» Work request: The output is a word-for-word repeat of the listing below, free of images.

» Collected data:
*-*-*
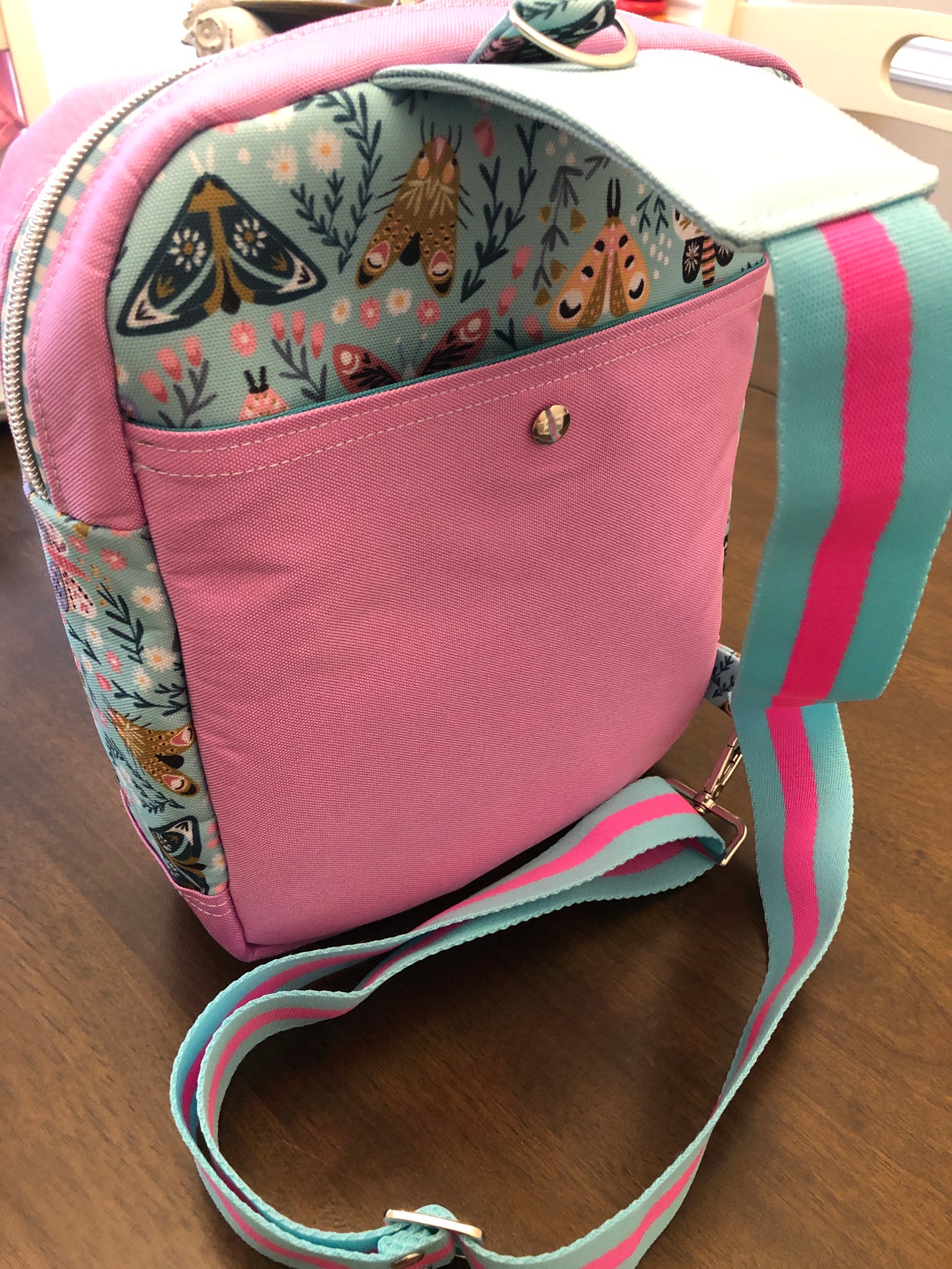 Back slip pocket with magnetic snap.
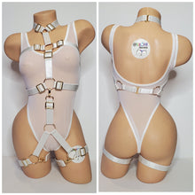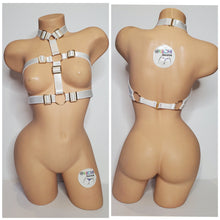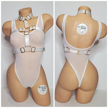 Desire by Michi Collection: Luxurious white satin elastic harness style lingerie with high quality metal alloy hardware with a gold finish
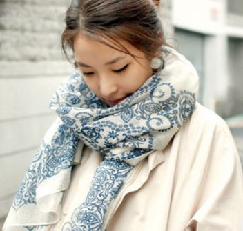 — Палантин из тонкой ткани 170*80 см.синий белый фарфор
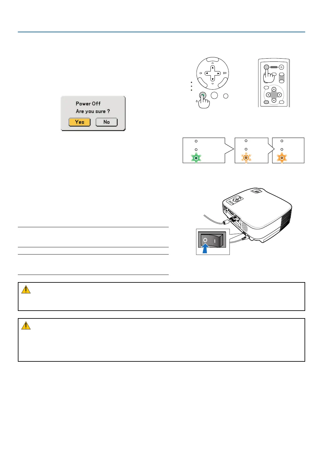 • The projector cannot be turned off for 60 seconds after the lamp is turned on and while the POWER indicator is
*-*-*
» Answer below:
 Back slip pocket with magnetic snap.
 Desire by Michi Collection: Luxurious white satin elastic harness style lingerie with high quality metal alloy hardware with a gold finish
 — Палантин из тонкой ткани 170*80 см.синий белый фарфор
 • The projector cannot be turned off for 60 seconds after the lamp is turned on and while the POWER indicator is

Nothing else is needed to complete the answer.